HIV infection, while highly treatable with current antiretroviral therapies, is not presently curable due to infection with copies of the virus that is hidden and cannot be eliminated with existing medications.
However, investigators are now conducting studies to see if certain chemotherapy drugs may have a possible role in treating HIV infection itself, since these therapies effect cell DNA. These therapies could potentially expose the hidden copies of the HIV virus which may then be attacked with effective antiretroviral therapy.
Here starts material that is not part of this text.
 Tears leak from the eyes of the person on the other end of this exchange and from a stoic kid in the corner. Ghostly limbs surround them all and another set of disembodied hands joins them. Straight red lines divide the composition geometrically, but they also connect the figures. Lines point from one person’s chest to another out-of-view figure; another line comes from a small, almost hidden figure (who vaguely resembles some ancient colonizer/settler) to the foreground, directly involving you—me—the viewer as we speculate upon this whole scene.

The possible benefits and/or risks of this treatment, however, have not been adequately tested in humans, though several research studies are in progress or are being planned.
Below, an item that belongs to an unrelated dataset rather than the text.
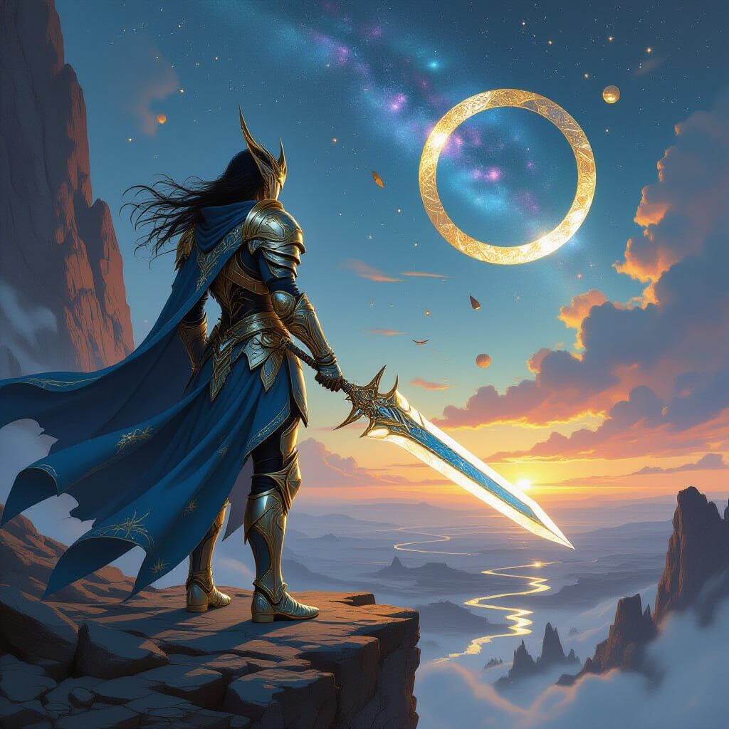 This image shows a celestial warrior in detailed, starlight armor, holding an energy blade. The figure stands on a battle-scarred cliff, surveying a ruined landscape of gold rings and cosmic wreckage, as digital art.

The UCLA CARE Center is conducting one such study to test the safety of an experimental therapy, given at different dose levels in combination with a standard chemotherapy combination often administered to cancer patients, to find out what effects, good and/or bad, it has on the participants and their cancer:
A Phase I study of vorinostat in combination with paclitaxel and carboplatin in solid tumors (with focus on upper aerodigestive cancers in person with HIV infection.
Phase I Trial of Carbozantinib (Xl184) for Advanced Solid Tumors in Persons with HIV Infection.
A Phase I study of Ipilimumab and Nivolumab in Advanced HIV-Associated Tumors with an Expansion Cohort in HIV Associated tumors.